▶ _Work to complete_
Could you return, exactly as written, every line from the one containing "15 Colors-20g Glow" through the last line of the entries below, leaving out the pictures?

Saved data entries
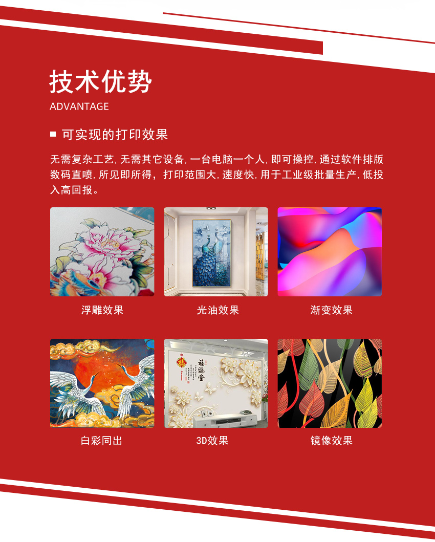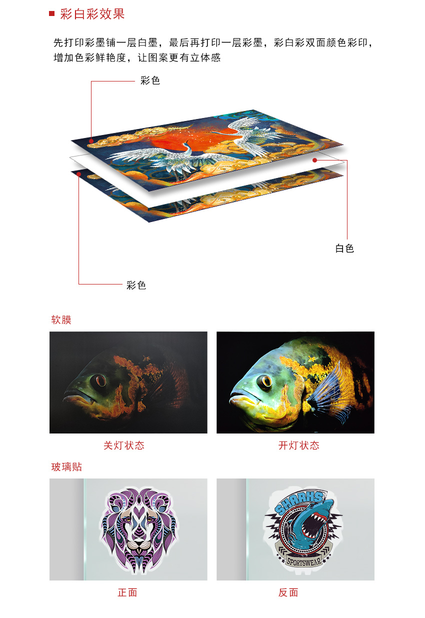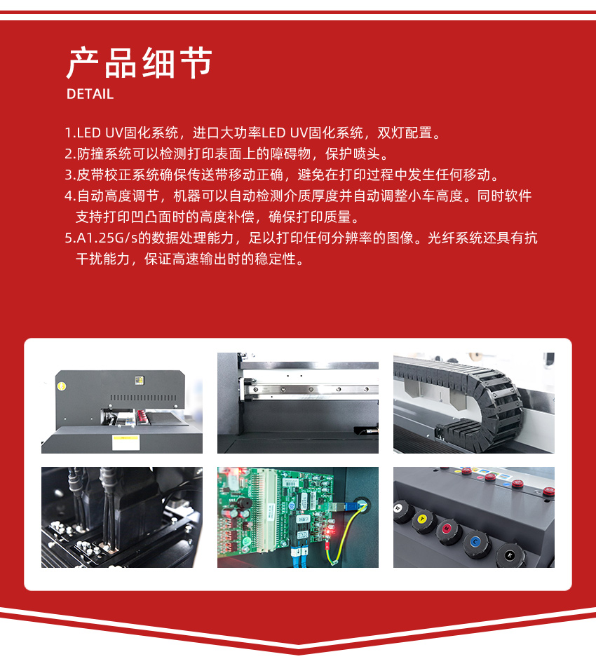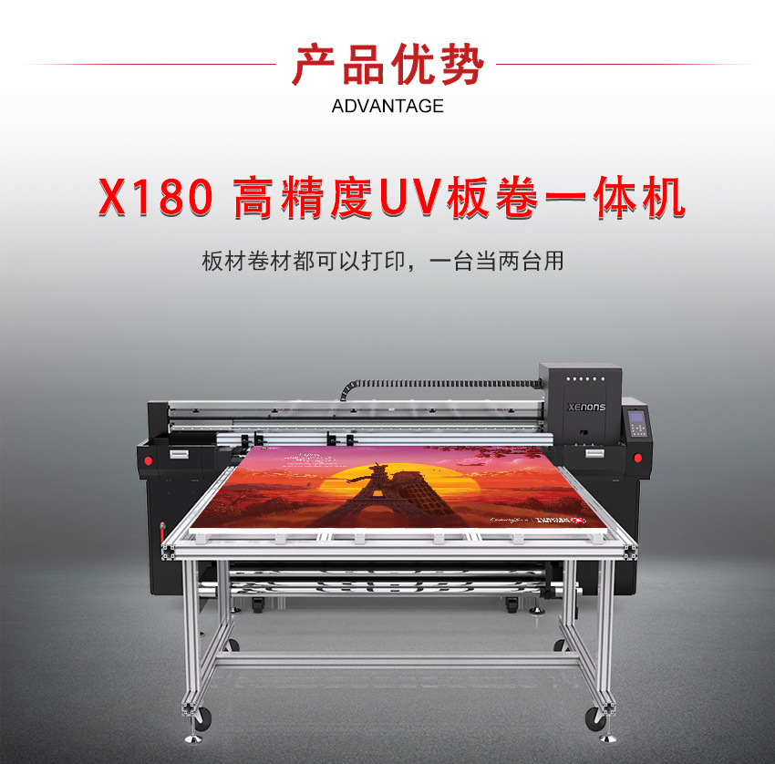 高品质和高性能UV板卷一体机 喷头:理光GEN5/GEN6 打印速度:35平方米/小时 颜色配置:CMYK+LcLm+白色 墨滴大小:7-21pl 打印尺寸:1800mm 分辨率:360*2400dpi 墨水:UV墨水 可打印各种卷材和板材,比如灯片、皮革、墙纸、瓷砖、金属标牌、木板、等,一台机器可以当两台使用,适合工业级个性化定制生产需求
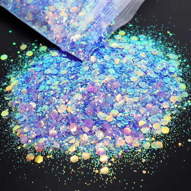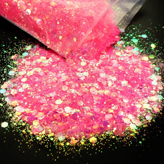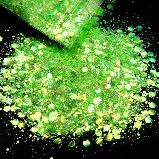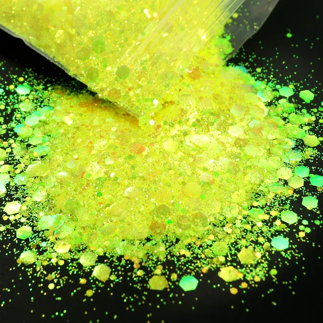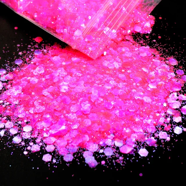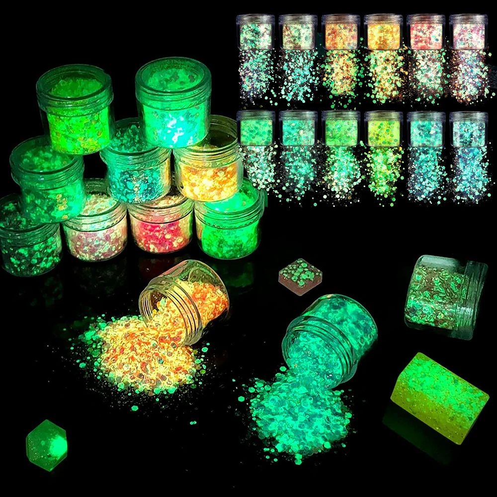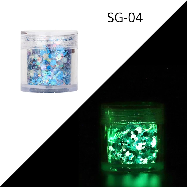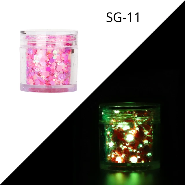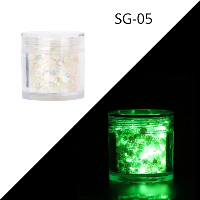 15 Colors-20g Glow in The Dark Glitter Luminous Chunky Nail Art Glitter Mixed Ultra Fine Powder Iridescent Hexagon UV Sequins
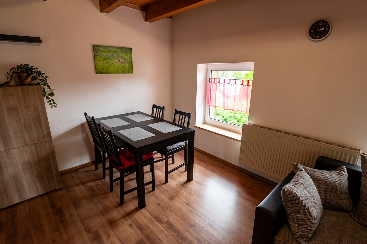 ¡Bienvenido a nuestro acogedor apartamento en la hermosa Selva Negra! Con aproximadamente 70 metros cuadrados, ofrece espacio para hasta 4 personas. Duerma cómodamente en una cama de 1,80 m o en un cómodo sofá cama. El apartamento está equipado con todo lo necesario para que se sienta como en casa durante su estancia. Disfrute de sus comidas en el interior o en la terraza privada y relájese en un ambiente tranquilo. ¡Esperamos su visita!
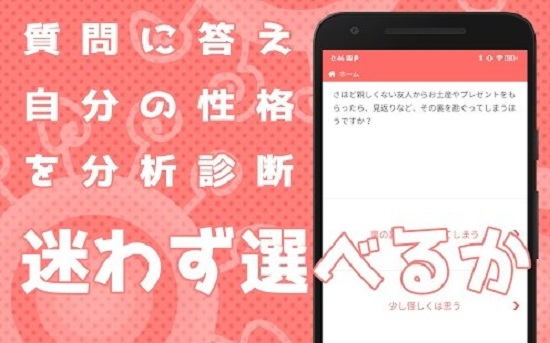 1、玩家根据回答的问题判断自己的性格,并可以邀请朋友测试彼此的性格。
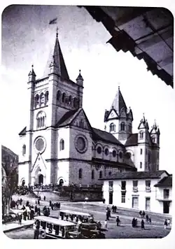 The current building is contemporary in design and replaced the previous Romanesque-Gothic style granite building,[3] which was demolished after a strong earthquake on July 30, 1962, caused it serious damage.[4]
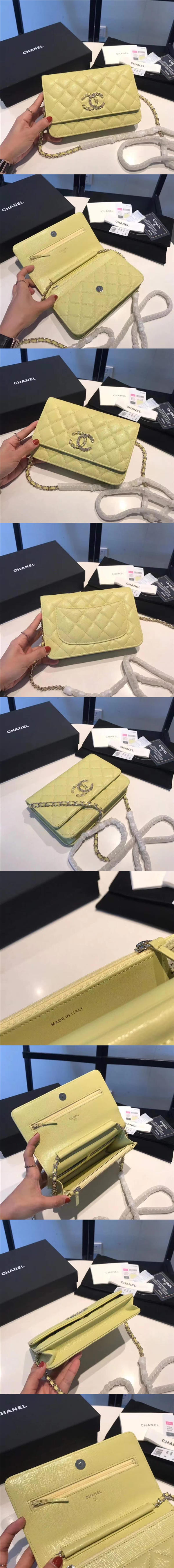 香奈兒/Chanel woc 發財包,荔枝細球紋牛皮材質,logo亮眼獨特洋氣,一半穿皮一半穿金鏈條設計,精致又特別,12個顏色【編號】A096【顏色】如圖所示【尺寸】19 cm X 12.5 cm【規格】翻蓋開合織物襯裡1個拉鏈袋6個卡槽【附屬品】防塵袋
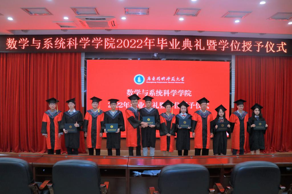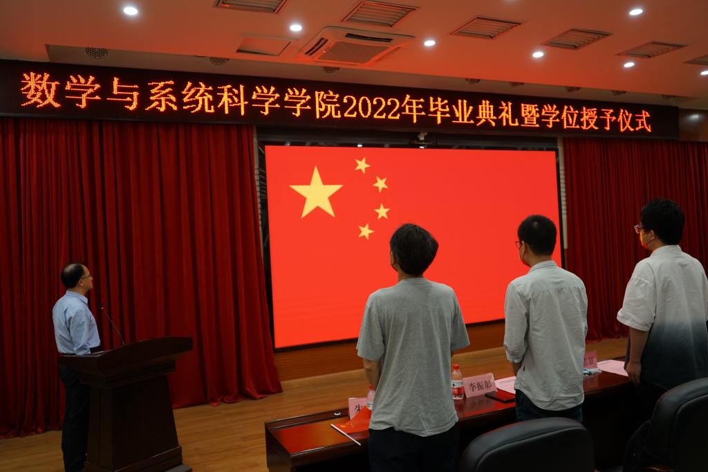 2022年6月23日下午,数学与系统科学学院2022届学生毕业典礼暨学位授予仪式在学校白云校区第三教学楼104学术报告厅举行。我院党委书记白雪飞、院长梁海华、副院长陈月红、副院长陈志景,教师代表、学院辅导员、毕业班班主任以及2022届毕业生代表参加典礼仪式,仪式由党委副书记许国良主持。
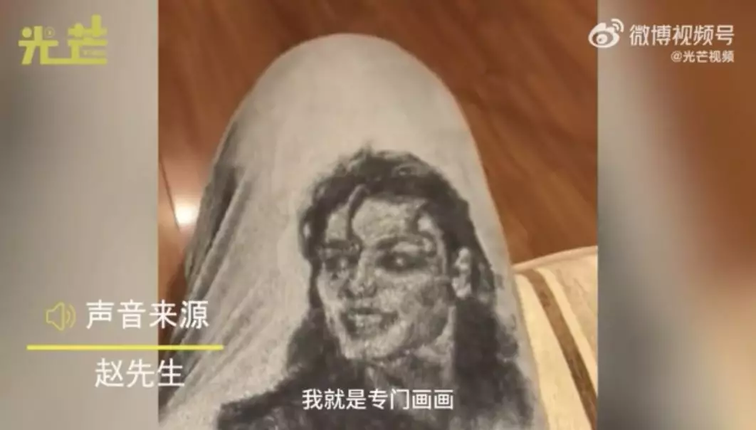 男子毛褲上繪畫出超逼真的美斯高比肖像,畫技超群獲網民讚賞:高手!
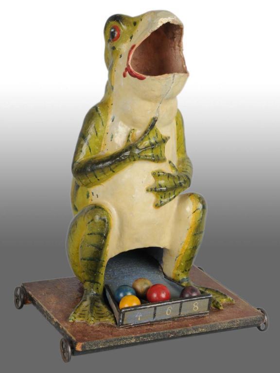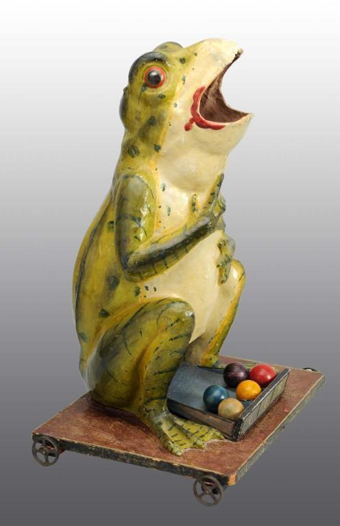 Description German. Highly detailed, painted frog sitting on wooden platform with metal wheels. Includes wooden balls to toss into open mouth of frog. Three-inch stable split on frog's lower jaw. Rare piece. Condition (Excellent). Size 19" T.
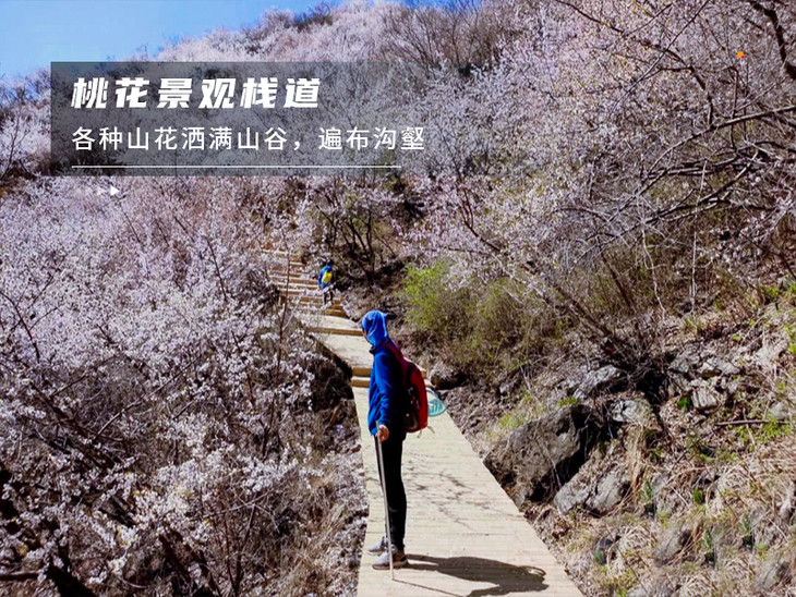 桃花栈道每逢三月底左右是野杏花、桃花盛开的季节,桃花林各种山花洒满山谷,遍布沟壑,一枝枝一串串,含英吐蕊,竞相开放,把黑的山谷映照得一片明媚的山花!

▶ _Expected output_
 15 Colors-20g Glow in The Dark Glitter Luminous Chunky Nail Art Glitter Mixed Ultra Fine Powder Iridescent Hexagon UV Sequins
 ¡Bienvenido a nuestro acogedor apartamento en la hermosa Selva Negra! Con aproximadamente 70 metros cuadrados, ofrece espacio para hasta 4 personas. Duerma cómodamente en una cama de 1,80 m o en un cómodo sofá cama. El apartamento está equipado con todo lo necesario para que se sienta como en casa durante su estancia. Disfrute de sus comidas en el interior o en la terraza privada y relájese en un ambiente tranquilo. ¡Esperamos su visita!
 1、玩家根据回答的问题判断自己的性格,并可以邀请朋友测试彼此的性格。
 The current building is contemporary in design and replaced the previous Romanesque-Gothic style granite building,[3] which was demolished after a strong earthquake on July 30, 1962, caused it serious damage.[4]
 香奈兒/Chanel woc 發財包,荔枝細球紋牛皮材質,logo亮眼獨特洋氣,一半穿皮一半穿金鏈條設計,精致又特別,12個顏色【編號】A096【顏色】如圖所示【尺寸】19 cm X 12.5 cm【規格】翻蓋開合織物襯裡1個拉鏈袋6個卡槽【附屬品】防塵袋
 2022年6月23日下午,数学与系统科学学院2022届学生毕业典礼暨学位授予仪式在学校白云校区第三教学楼104学术报告厅举行。我院党委书记白雪飞、院长梁海华、副院长陈月红、副院长陈志景,教师代表、学院辅导员、毕业班班主任以及2022届毕业生代表参加典礼仪式,仪式由党委副书记许国良主持。
 男子毛褲上繪畫出超逼真的美斯高比肖像,畫技超群獲網民讚賞:高手!
 Description German. Highly detailed, painted frog sitting on wooden platform with metal wheels. Includes wooden balls to toss into open mouth of frog. Three-inch stable split on frog's lower jaw. Rare piece. Condition (Excellent). Size 19" T.
 桃花栈道每逢三月底左右是野杏花、桃花盛开的季节,桃花林各种山花洒满山谷,遍布沟壑,一枝枝一串串,含英吐蕊,竞相开放,把黑的山谷映照得一片明媚的山花!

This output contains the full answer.